• [Record set]
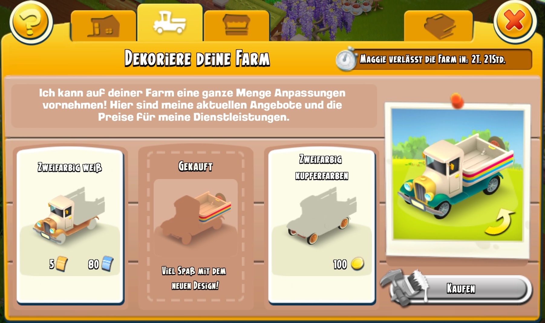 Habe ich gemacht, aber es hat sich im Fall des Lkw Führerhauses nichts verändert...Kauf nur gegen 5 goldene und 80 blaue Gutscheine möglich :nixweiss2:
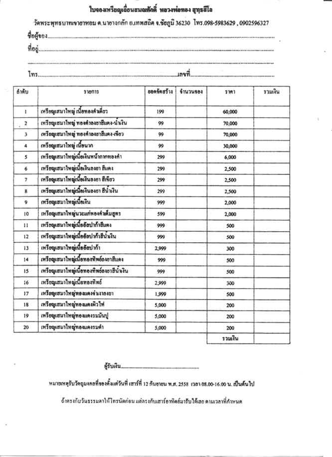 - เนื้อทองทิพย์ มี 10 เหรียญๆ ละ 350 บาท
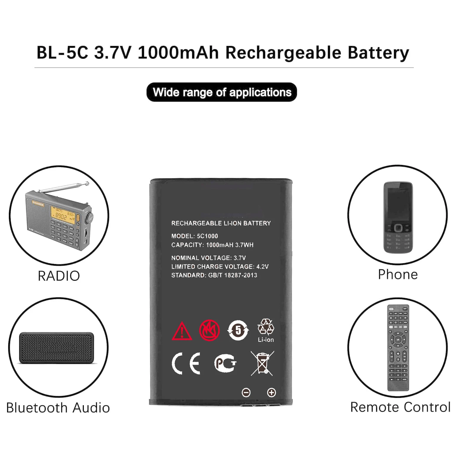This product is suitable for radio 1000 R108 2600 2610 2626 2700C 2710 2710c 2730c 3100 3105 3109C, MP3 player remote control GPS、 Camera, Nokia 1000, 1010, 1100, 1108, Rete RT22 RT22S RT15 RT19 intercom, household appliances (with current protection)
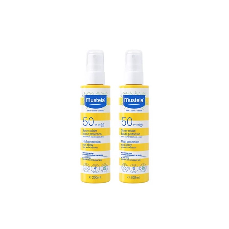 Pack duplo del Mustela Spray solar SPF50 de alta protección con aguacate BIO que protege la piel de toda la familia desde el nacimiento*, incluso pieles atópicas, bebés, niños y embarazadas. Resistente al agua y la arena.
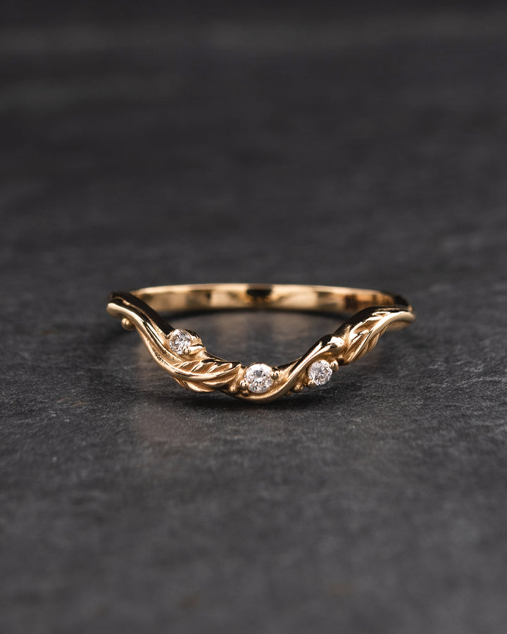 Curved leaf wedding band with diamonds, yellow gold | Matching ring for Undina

• [Task item]
Restate the data word for word from its first line through the line with "This product is", leaving out any picture along the way.

• [Answer below]
 Habe ich gemacht, aber es hat sich im Fall des Lkw Führerhauses nichts verändert...Kauf nur gegen 5 goldene und 80 blaue Gutscheine möglich :nixweiss2:
 - เนื้อทองทิพย์ มี 10 เหรียญๆ ละ 350 บาท
This product is suitable for radio 1000 R108 2600 2610 2626 2700C 2710 2710c 2730c 3100 3105 3109C, MP3 player remote control GPS、 Camera, Nokia 1000, 1010, 1100, 1108, Rete RT22 RT22S RT15 RT19 intercom, household appliances (with current protection)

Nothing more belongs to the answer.